(Exercise data)
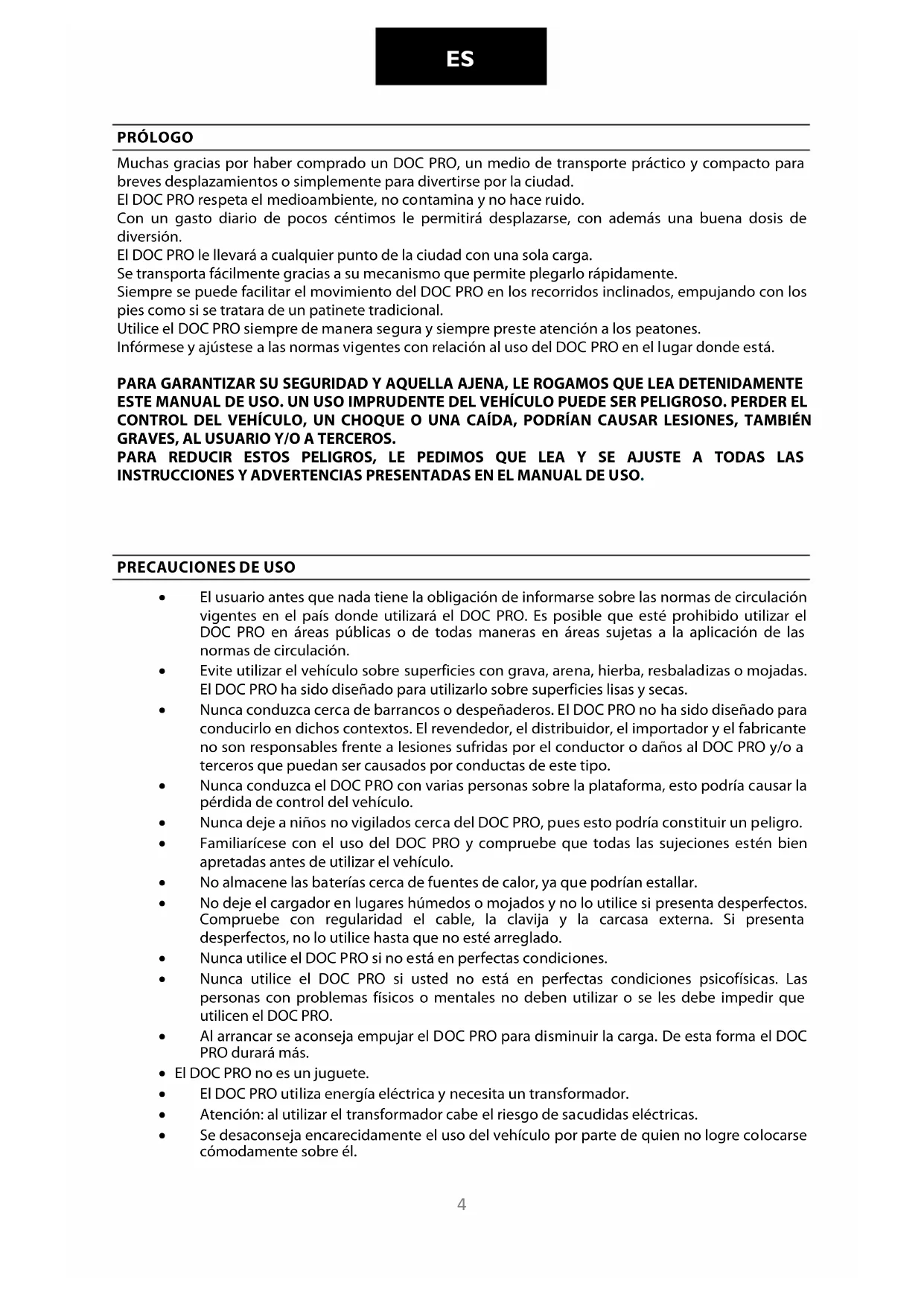 PRÓLOGO Muchas gracias por haber comprado un DOC PRO, un medio de transporte práctico y compacto para breves desplazamientos o simplemente para divertirse por la ciudad. El DOC PRO respeta el medioambiente, no contamina y no hace ruido. Con un gasto diario de pocos céntimos le permitirá desplazarse, con además una buena dosis de diversión. El DOC PRO le llevará a cualquier punto de la ciudad con una sola carga. Se transporta fácilmente gracias a su mecanismo que permite plegarlo rápidamente. Siempre se puede facilitar el movimiento del DOC PRO en los recorridos inclinados, empujando con los pies como si se tratara de un patinete tradicional. Utilice el DOC PRO siempre de manera segura y siempre preste atención a los peatones. Infórmese y ajústese a las normas vigentes con relación al uso del DOC PRO en el lugar donde está. PARA GARANTIZAR SU SEGURIDAD Y AQUELLA AJENA, LE ROGAMOS QUE LEA DETENIDAMENTE ESTE MANUAL DE USO. UN USO IMPRUDENTE DEL VEHÍCULO PUEDE SER PELIGROSO. PERDER EL CONTROL DEL VEHÍCULO, UN CHOQUE O UNA CAÍDA, PODRÍAN CAUSAR LESIONES, TAMBIÉN GRAVES, AL USUARIO Y/O A TERCEROS. PARA REDUCIR ESTOS PELIGROS, LE PEDIMOS QUE LEA Y SE AJUSTE A TODAS LAS INSTRUCCIONES Y ADVERTENCIAS PRESENTADAS EN EL MANUAL DE USO.
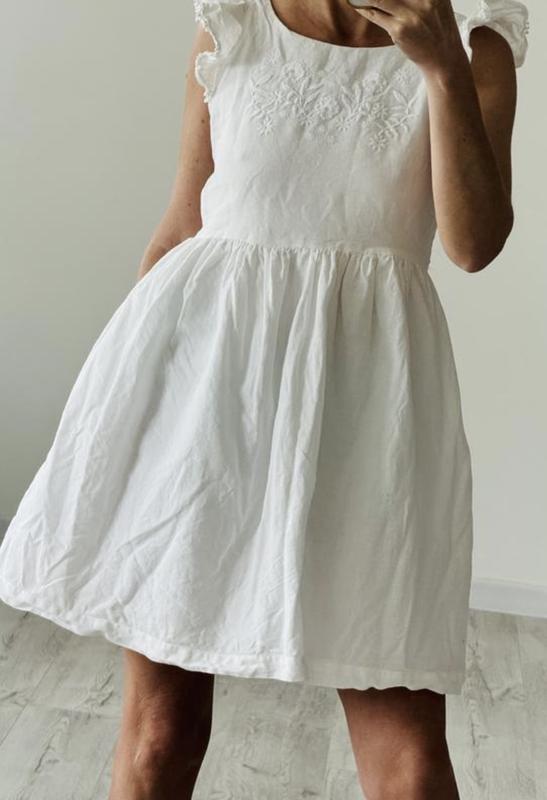 Платье платье сарафан Zara лен, имеет подкладку. Состояние новой. Длина 85 см, ПОГ 41 см, ПОТ 38 см, бедра свободные, с вышивкой
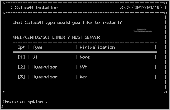 Then it will show you an option to choose virtualization. Most people prefer KVM and others Xen. Select your preferred virtualization by typing 1 or 2 and then press Enter. For KVM, we enter 2 and then hit Enter.
(End Exercise data)
▶ **Aim of the task**: Nothing but the lines from the beginning of the material above through the line containing "Платье платье сарафан" should appear in the answer, copied exactly and free of pictures.

▶ **Finished exercise**:
 PRÓLOGO Muchas gracias por haber comprado un DOC PRO, un medio de transporte práctico y compacto para breves desplazamientos o simplemente para divertirse por la ciudad. El DOC PRO respeta el medioambiente, no contamina y no hace ruido. Con un gasto diario de pocos céntimos le permitirá desplazarse, con además una buena dosis de diversión. El DOC PRO le llevará a cualquier punto de la ciudad con una sola carga. Se transporta fácilmente gracias a su mecanismo que permite plegarlo rápidamente. Siempre se puede facilitar el movimiento del DOC PRO en los recorridos inclinados, empujando con los pies como si se tratara de un patinete tradicional. Utilice el DOC PRO siempre de manera segura y siempre preste atención a los peatones. Infórmese y ajústese a las normas vigentes con relación al uso del DOC PRO en el lugar donde está. PARA GARANTIZAR SU SEGURIDAD Y AQUELLA AJENA, LE ROGAMOS QUE LEA DETENIDAMENTE ESTE MANUAL DE USO. UN USO IMPRUDENTE DEL VEHÍCULO PUEDE SER PELIGROSO. PERDER EL CONTROL DEL VEHÍCULO, UN CHOQUE O UNA CAÍDA, PODRÍAN CAUSAR LESIONES, TAMBIÉN GRAVES, AL USUARIO Y/O A TERCEROS. PARA REDUCIR ESTOS PELIGROS, LE PEDIMOS QUE LEA Y SE AJUSTE A TODAS LAS INSTRUCCIONES Y ADVERTENCIAS PRESENTADAS EN EL MANUAL DE USO.
 Платье платье сарафан Zara лен, имеет подкладку. Состояние новой. Длина 85 см, ПОГ 41 см, ПОТ 38 см, бедра свободные, с вышивкой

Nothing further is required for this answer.